The Death of the Telephone Call: 1876–2007 - Hooke
http://www.slate.com/articles/life/the_next_20/2016/09/what_s_lost_when_telephone_calls_disappear.html
======
tacostakohashi
I think this is another example of popularity and commoditization eventually
destroying something.

First, telephones start out as expensive, only available in big cities. I'm
not old enough to remember this, but I suspect it would have been an exclusive
and prestigious club.

Eventually, telephones get widespread, and cheaper - I'm thinking like mid
90s, before mobile phones became mass market. This was "peak telephone", and
it's what I remember from my youth. It was actually pretty good! As the author
says, you could casually call your friends without seeming intrusive or
clingy, and you could call most business or government agencies and talk to
staff, getting quick responses to inquiries from knowledgeable people. Towards
the end of this era, you have lots of information lines for time, weather,
movies, phone banking services, etc.

Around this time, call centers are introduced - if you call a business or
government agency, you don't end up talking to some knowledgeable subject
matter expert about some topic, you talk to a call center operator who has a
script, and if it's anything non-trivial, tries to transfer you, call back, or
generally mess you around.

At this point, the phone network is so cheap, with so many subscribers that
the temptation to abuse it to sell things to people is irresistible.
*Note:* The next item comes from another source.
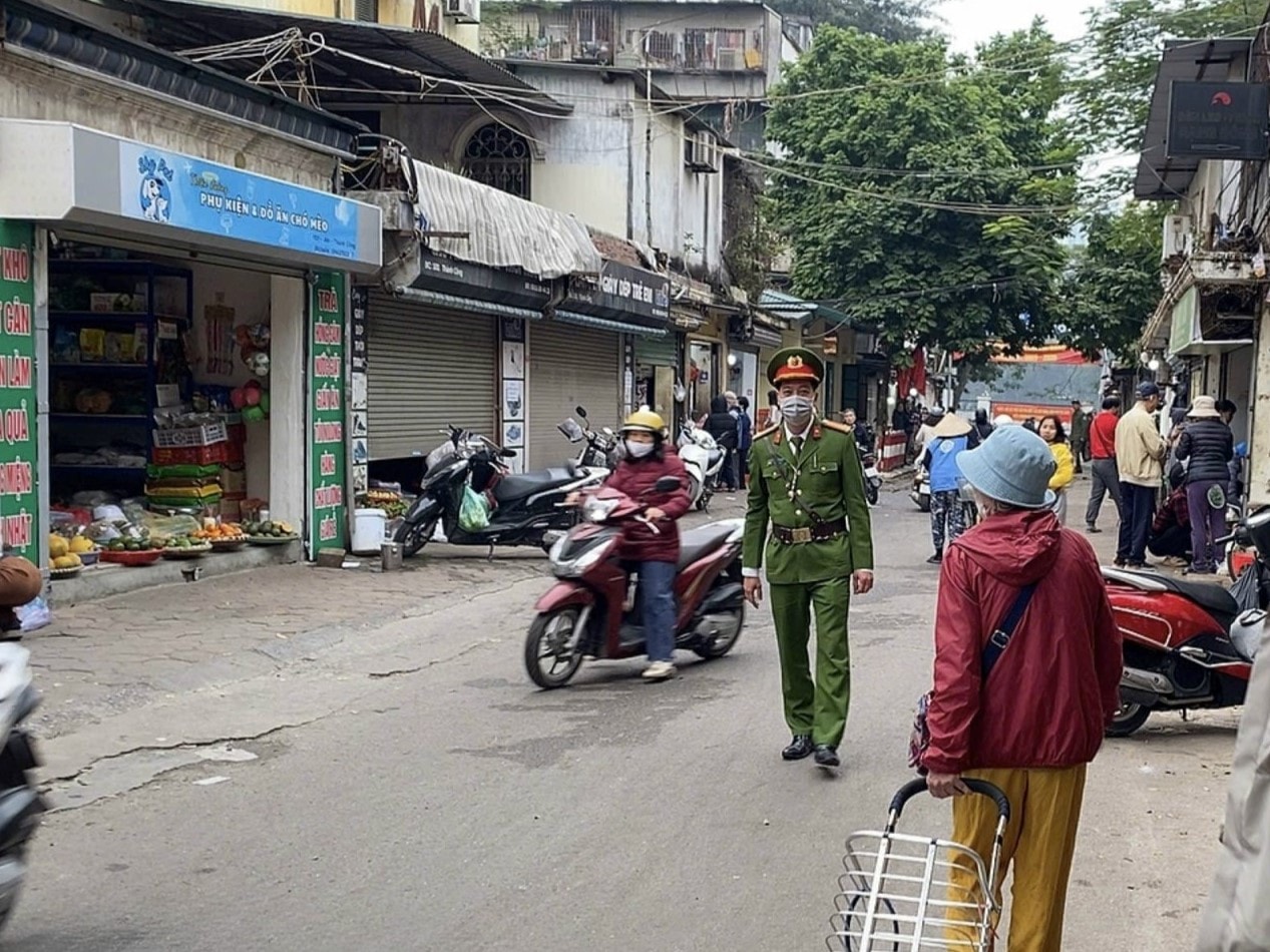 Công an phường Giảng Võ duy trì tuần tra sau sắp xếp tại trục đường nội bộ E1-A6A và A1-A2 phố Thành Công. Ảnh: NH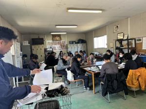 地元の農業機械販売代理店の方を講師に招き、農業は他産業と比較して機械作業中の死亡事故が多いことや、危険個所を事前に把握できていれば死亡事故を未然に防げることを学びました。従業員の方からは「怖い、気が引き締まった」等の感想がありました。

Robo-
dialling, answering machines, caller ID, and the Do Not Call registry are all
introduced to the system, in a nuisance call arms race between callers and
callees.

The call centers go to India, and the Philippines. The call center operators
get placed behind a interactive voice response system (IVR). Now, it's pretty
much impossible to get anything useful done by phone. Landlines are
disconnected, people have voice numbers on their mobile devices, but refuse to
answer calls from numbers that aren't in their address book.

Unfortunately, this seems to be the fundamental nature of communications
networks - the story isn't much different for postal mail, fax, email, usenet,
facebook. Success seems to kill the network in the end.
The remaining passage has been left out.